■ AIM OF THE EXERCISE ■
Here is a listing. Write it all out again exactly, but not its pictures.

■ SUPPLIED DATA ■

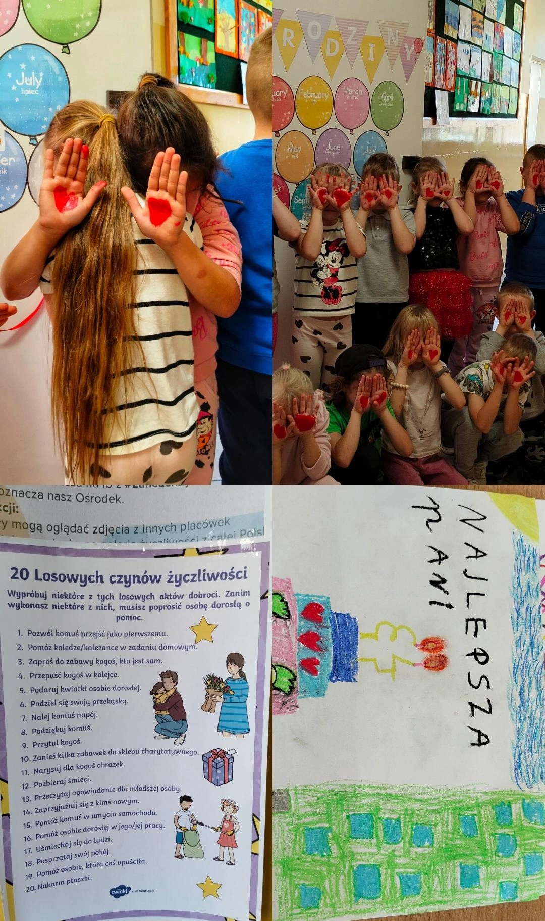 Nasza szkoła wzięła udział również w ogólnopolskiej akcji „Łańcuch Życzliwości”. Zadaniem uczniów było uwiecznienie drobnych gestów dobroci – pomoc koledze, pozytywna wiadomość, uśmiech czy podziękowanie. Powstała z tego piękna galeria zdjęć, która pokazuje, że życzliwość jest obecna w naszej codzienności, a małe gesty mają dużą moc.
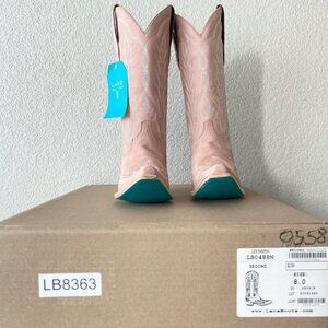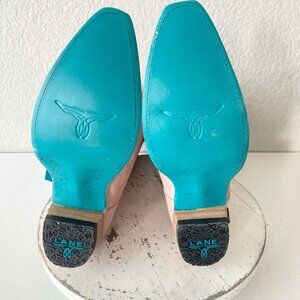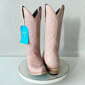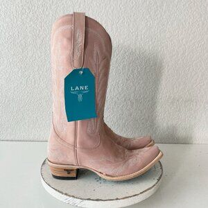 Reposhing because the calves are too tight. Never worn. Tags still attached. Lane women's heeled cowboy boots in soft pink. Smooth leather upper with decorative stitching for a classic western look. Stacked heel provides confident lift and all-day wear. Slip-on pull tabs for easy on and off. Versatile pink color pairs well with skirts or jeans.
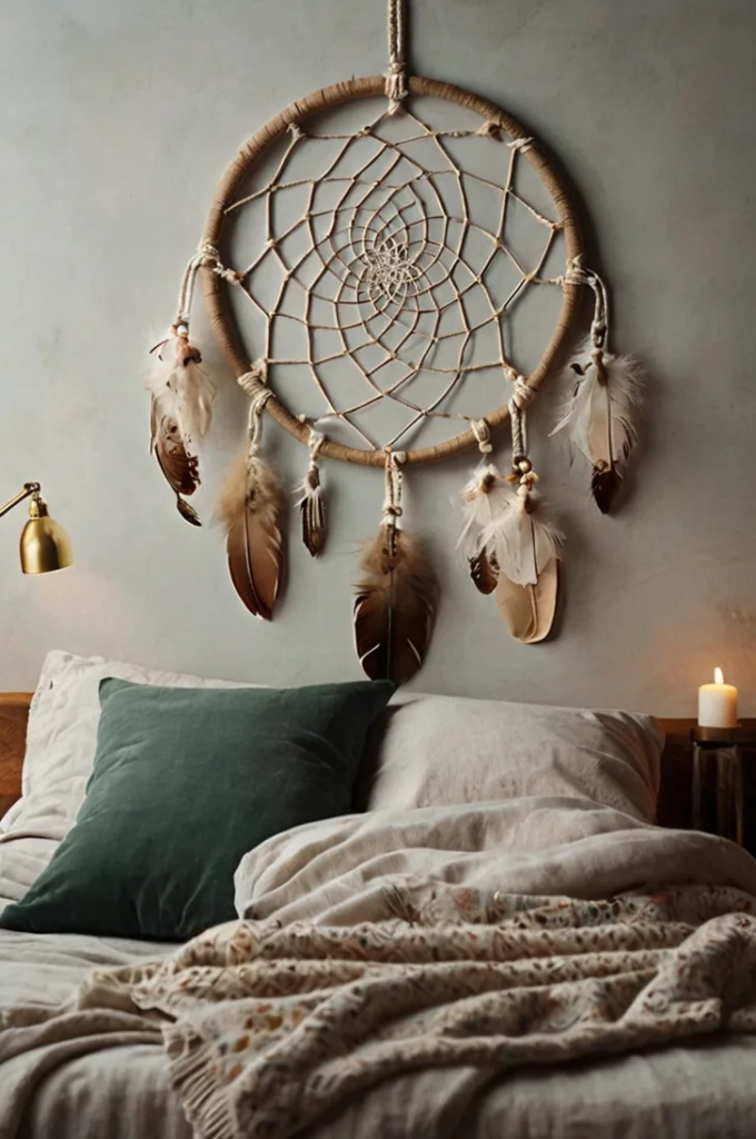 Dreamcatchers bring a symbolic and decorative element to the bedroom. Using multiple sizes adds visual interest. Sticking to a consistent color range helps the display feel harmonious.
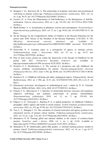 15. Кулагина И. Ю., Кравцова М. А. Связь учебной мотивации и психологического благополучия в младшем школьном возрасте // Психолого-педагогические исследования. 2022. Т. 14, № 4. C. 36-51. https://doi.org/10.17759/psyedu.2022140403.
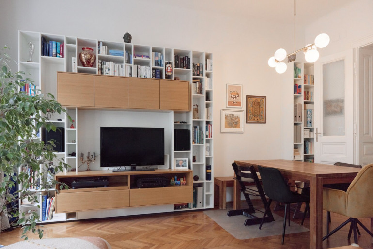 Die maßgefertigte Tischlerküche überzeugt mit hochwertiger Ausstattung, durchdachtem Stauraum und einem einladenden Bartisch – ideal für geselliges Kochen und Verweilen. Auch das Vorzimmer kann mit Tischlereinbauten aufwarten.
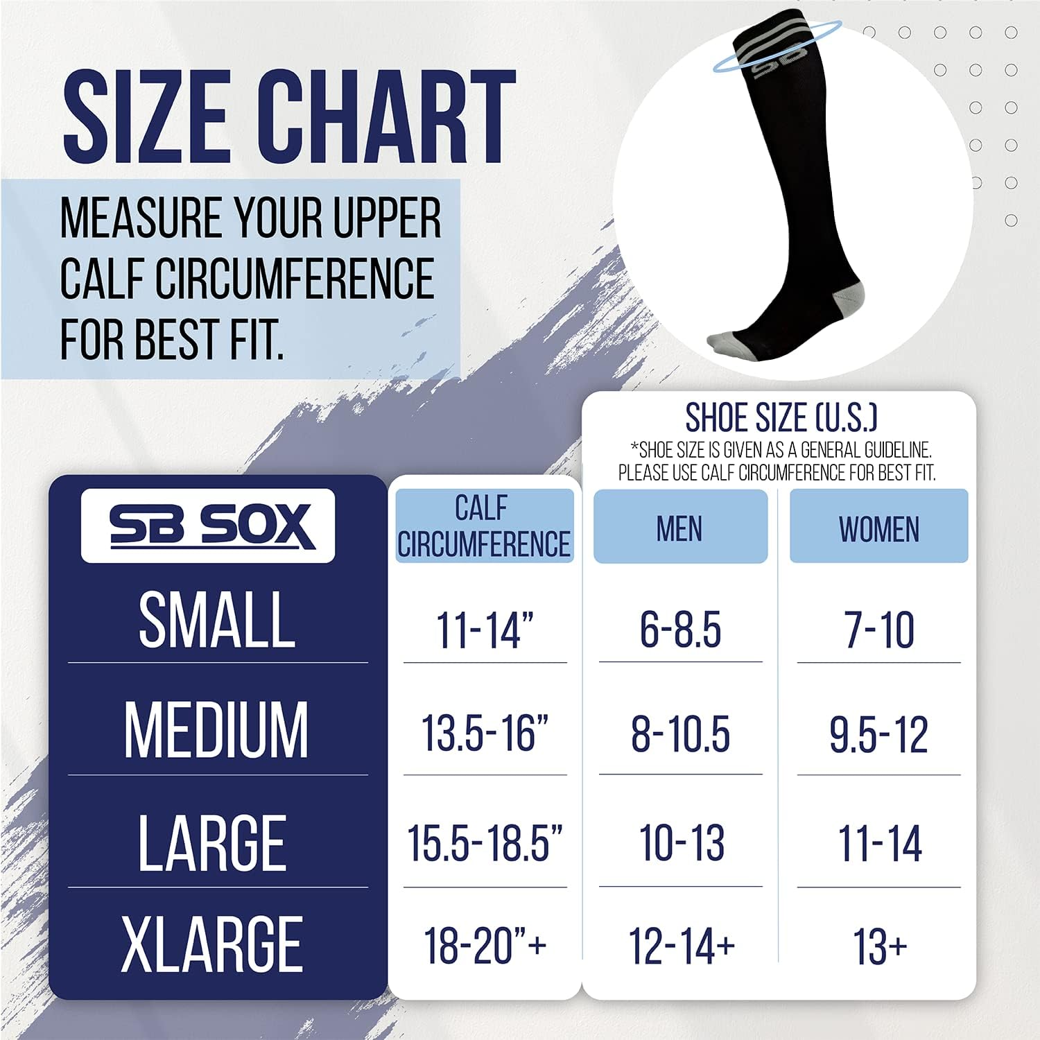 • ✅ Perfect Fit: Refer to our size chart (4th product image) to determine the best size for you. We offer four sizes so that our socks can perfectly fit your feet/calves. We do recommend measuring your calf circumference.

■ SOLVED PROBLEM ■
 Nasza szkoła wzięła udział również w ogólnopolskiej akcji „Łańcuch Życzliwości”. Zadaniem uczniów było uwiecznienie drobnych gestów dobroci – pomoc koledze, pozytywna wiadomość, uśmiech czy podziękowanie. Powstała z tego piękna galeria zdjęć, która pokazuje, że życzliwość jest obecna w naszej codzienności, a małe gesty mają dużą moc.
 Reposhing because the calves are too tight. Never worn. Tags still attached. Lane women's heeled cowboy boots in soft pink. Smooth leather upper with decorative stitching for a classic western look. Stacked heel provides confident lift and all-day wear. Slip-on pull tabs for easy on and off. Versatile pink color pairs well with skirts or jeans.
 Dreamcatchers bring a symbolic and decorative element to the bedroom. Using multiple sizes adds visual interest. Sticking to a consistent color range helps the display feel harmonious.
 15. Кулагина И. Ю., Кравцова М. А. Связь учебной мотивации и психологического благополучия в младшем школьном возрасте // Психолого-педагогические исследования. 2022. Т. 14, № 4. C. 36-51. https://doi.org/10.17759/psyedu.2022140403.
 Die maßgefertigte Tischlerküche überzeugt mit hochwertiger Ausstattung, durchdachtem Stauraum und einem einladenden Bartisch – ideal für geselliges Kochen und Verweilen. Auch das Vorzimmer kann mit Tischlereinbauten aufwarten.
 • ✅ Perfect Fit: Refer to our size chart (4th product image) to determine the best size for you. We offer four sizes so that our socks can perfectly fit your feet/calves. We do recommend measuring your calf circumference.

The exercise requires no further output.